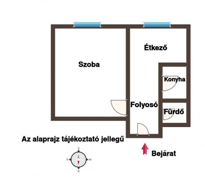 Helyiségek: tágas szoba, konyha étkezővel, fürdőszoba
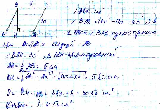 Для того чтобы дать полноценный ответ, был привлечен специалист, который хорошо разбирается требуемой тематике "ЕГЭ (школьный)". Ваш вопрос звучал следующим образом: Определите площадь параллелограмма ABCD, если: ВС = 6 см, CD = 10 см, ∠ABC = 120°.
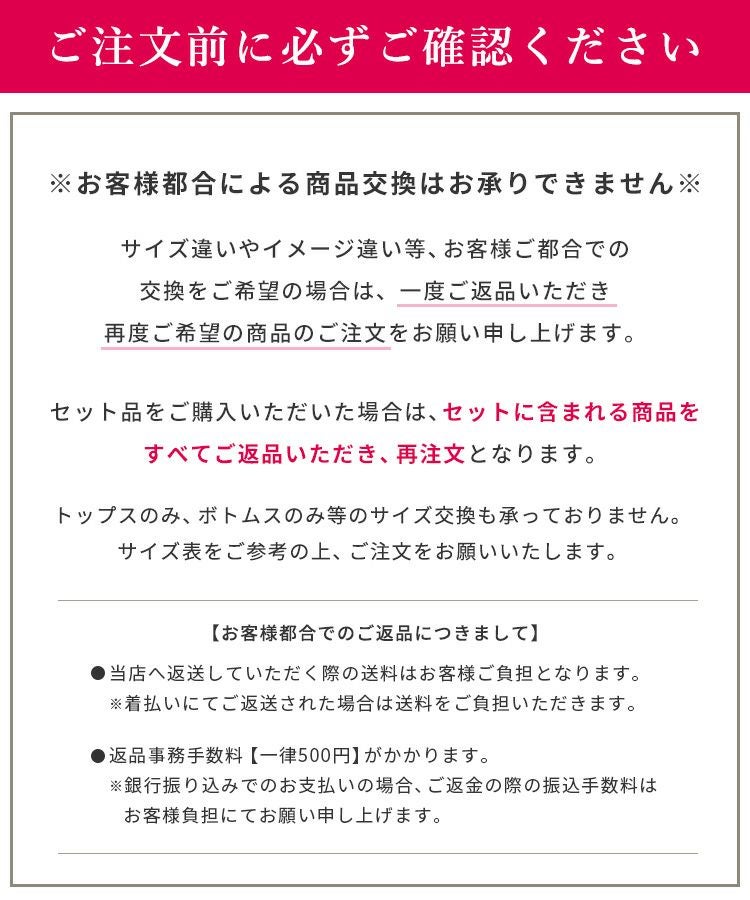 不良・商品間違い等以外のご返品は『お客様都合』にてお受けいたします。ご返送前に必ず弊社までメールまたはお電話にてお知らせください。
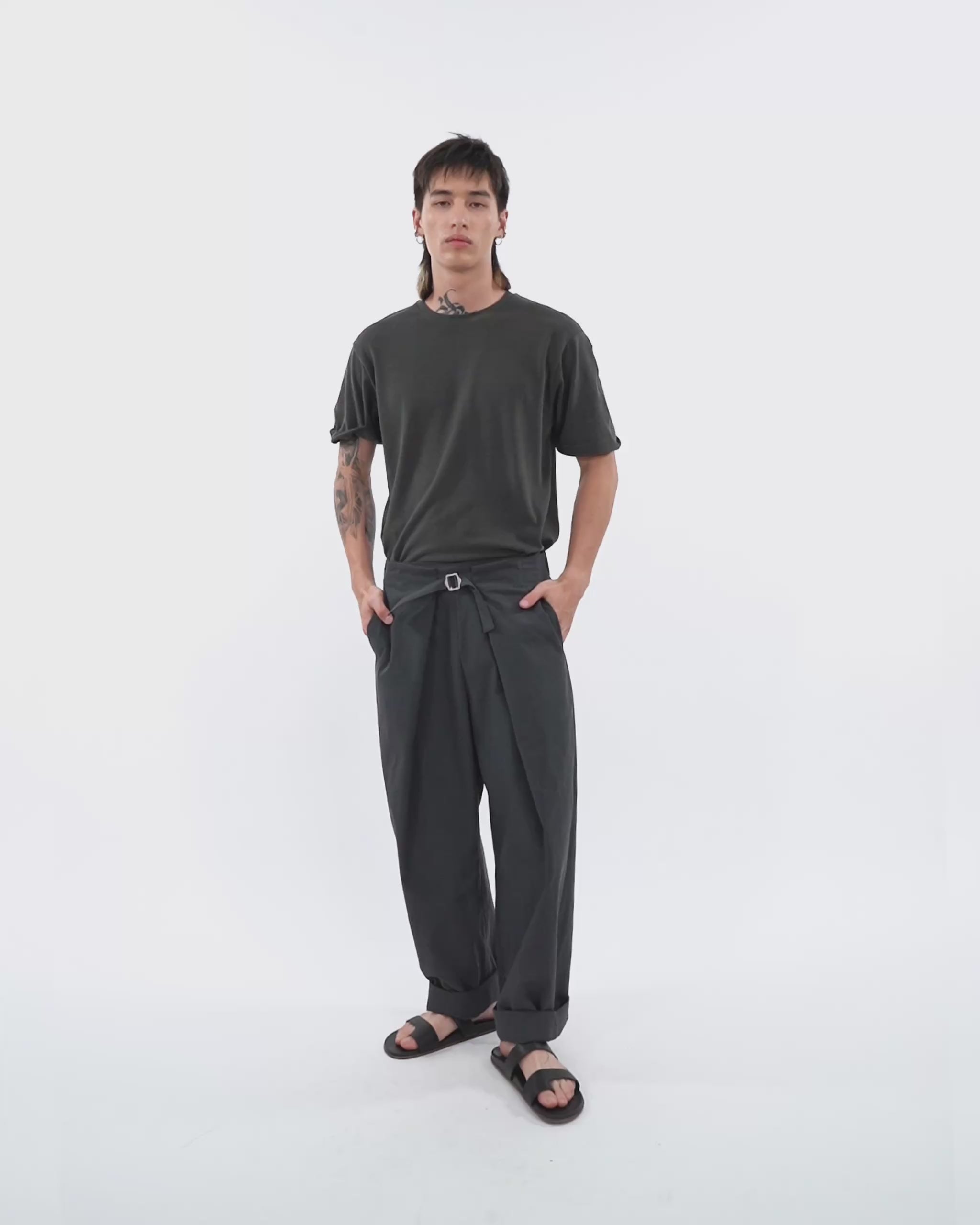 We kept this one in the line because it works on almost everyone. For 2.0, we refined the cut and deepened the pleats so the shape reads sharper without losing ease. The dual-strap waist gives you adjustment without relying on a belt, and the longer length lets you cuff it up and show the inner finish when you want a cleaner, cropped proportion.

Task prompt |
Extract all the data above exactly, excluding every picture.

Answer box |
 Helyiségek: tágas szoba, konyha étkezővel, fürdőszoba
 Для того чтобы дать полноценный ответ, был привлечен специалист, который хорошо разбирается требуемой тематике "ЕГЭ (школьный)". Ваш вопрос звучал следующим образом: Определите площадь параллелограмма ABCD, если: ВС = 6 см, CD = 10 см, ∠ABC = 120°.
 不良・商品間違い等以外のご返品は『お客様都合』にてお受けいたします。ご返送前に必ず弊社までメールまたはお電話にてお知らせください。
 We kept this one in the line because it works on almost everyone. For 2.0, we refined the cut and deepened the pleats so the shape reads sharper without losing ease. The dual-strap waist gives you adjustment without relying on a belt, and the longer length lets you cuff it up and show the inner finish when you want a cleaner, cropped proportion.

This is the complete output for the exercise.